**Supplied records**
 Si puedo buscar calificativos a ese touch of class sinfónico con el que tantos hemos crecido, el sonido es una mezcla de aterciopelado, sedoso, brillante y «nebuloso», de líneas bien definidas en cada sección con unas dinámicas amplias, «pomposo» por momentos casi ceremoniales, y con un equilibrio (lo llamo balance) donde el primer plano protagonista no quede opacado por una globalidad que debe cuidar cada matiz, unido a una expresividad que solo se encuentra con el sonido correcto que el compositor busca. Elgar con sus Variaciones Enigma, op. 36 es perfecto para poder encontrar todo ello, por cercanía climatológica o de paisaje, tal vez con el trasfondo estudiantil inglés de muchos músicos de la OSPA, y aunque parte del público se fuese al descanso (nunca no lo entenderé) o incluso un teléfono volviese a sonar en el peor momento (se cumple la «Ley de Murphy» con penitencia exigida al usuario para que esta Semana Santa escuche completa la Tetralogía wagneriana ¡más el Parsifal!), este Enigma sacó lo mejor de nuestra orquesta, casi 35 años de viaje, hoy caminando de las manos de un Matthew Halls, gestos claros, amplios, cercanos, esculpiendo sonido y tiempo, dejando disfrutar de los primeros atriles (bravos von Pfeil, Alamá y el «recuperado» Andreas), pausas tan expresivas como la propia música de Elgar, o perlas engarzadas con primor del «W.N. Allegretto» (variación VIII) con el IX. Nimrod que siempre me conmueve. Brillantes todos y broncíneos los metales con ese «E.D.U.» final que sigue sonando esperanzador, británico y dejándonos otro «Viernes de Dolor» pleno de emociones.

==

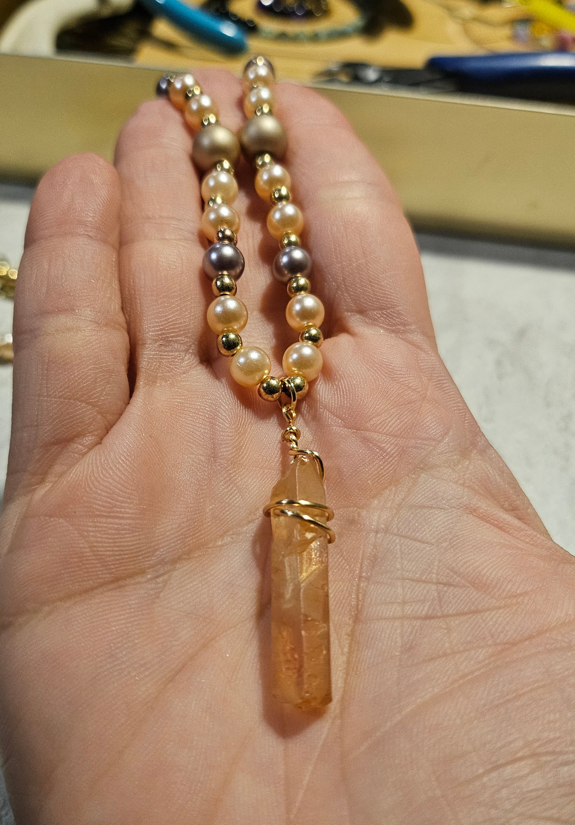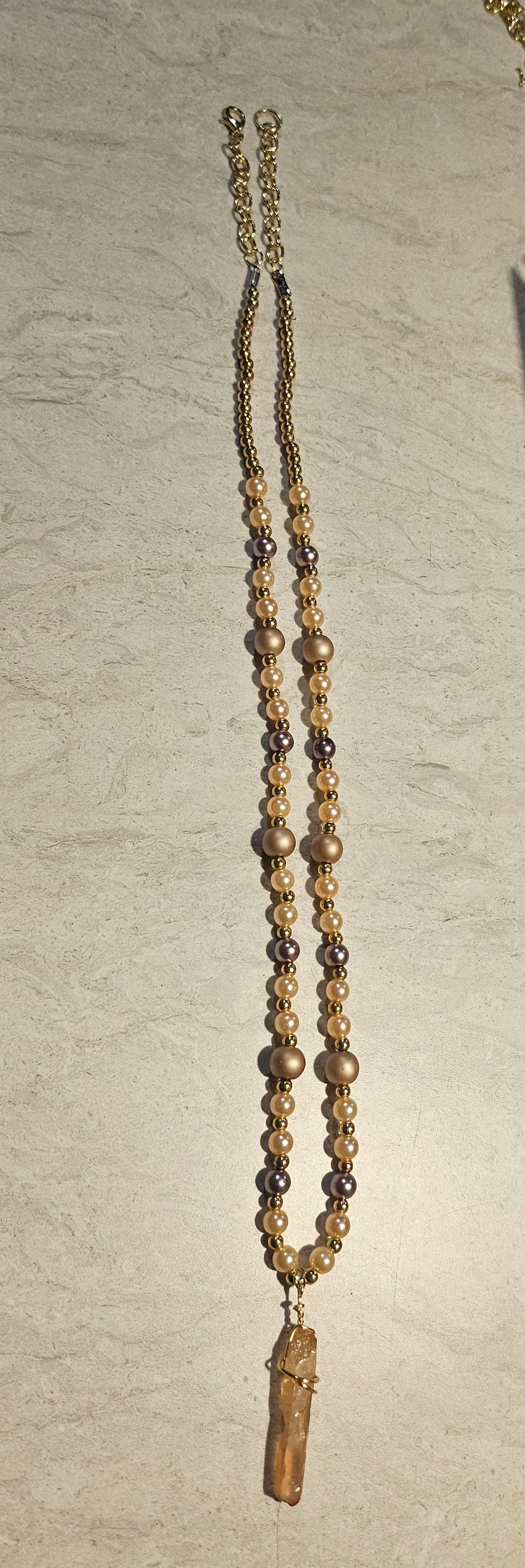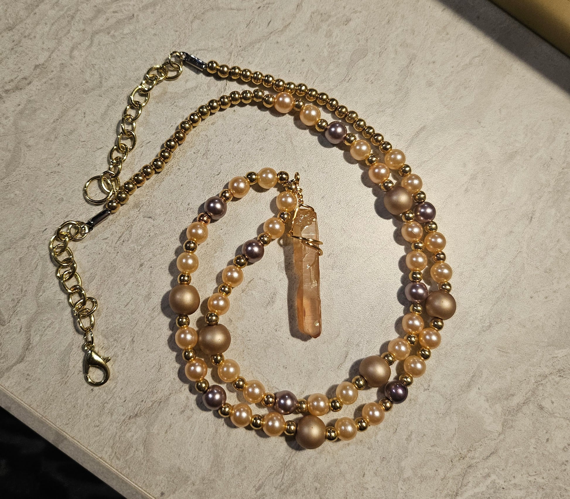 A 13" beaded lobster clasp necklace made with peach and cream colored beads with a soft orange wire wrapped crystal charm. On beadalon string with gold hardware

==

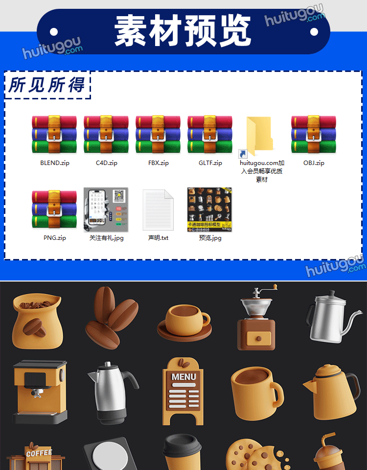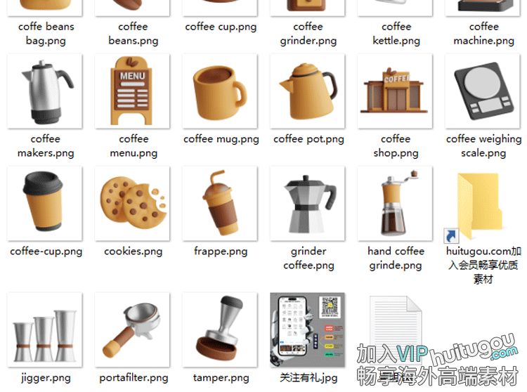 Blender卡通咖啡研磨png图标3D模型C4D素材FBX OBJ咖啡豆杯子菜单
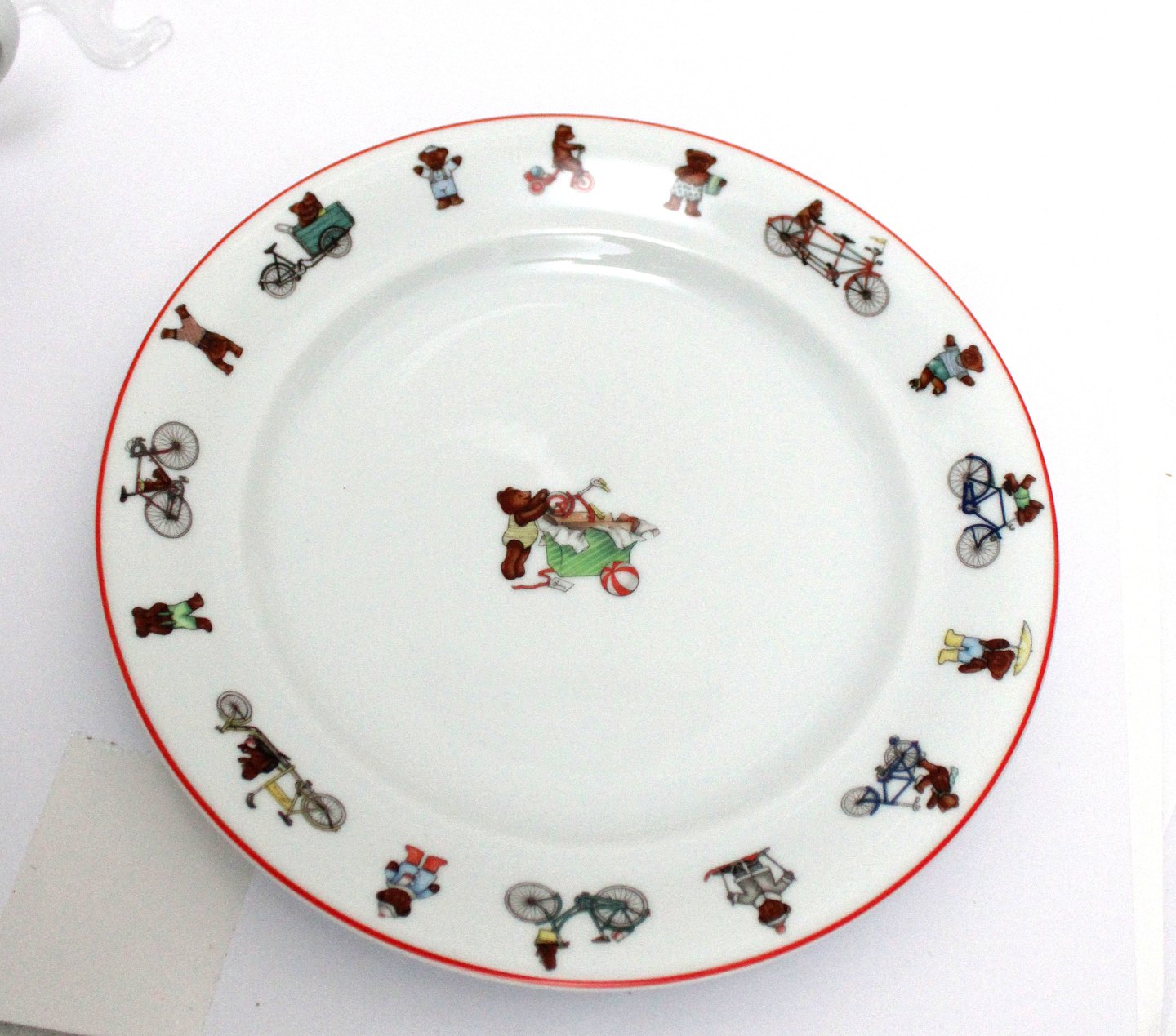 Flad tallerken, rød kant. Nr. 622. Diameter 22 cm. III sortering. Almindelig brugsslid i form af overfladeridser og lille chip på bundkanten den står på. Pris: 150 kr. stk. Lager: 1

**What is being asked**
Look through the material above. Transcribe exactly the lines between the ones with "Blender卡通咖啡研磨p" and "Flad tallerken, rød", inclusive, and keep pictures out.

**Task solution**
 Blender卡通咖啡研磨png图标3D模型C4D素材FBX OBJ咖啡豆杯子菜单
 Flad tallerken, rød kant. Nr. 622. Diameter 22 cm. III sortering. Almindelig brugsslid i form af overfladeridser og lille chip på bundkanten den står på. Pris: 150 kr. stk. Lager: 1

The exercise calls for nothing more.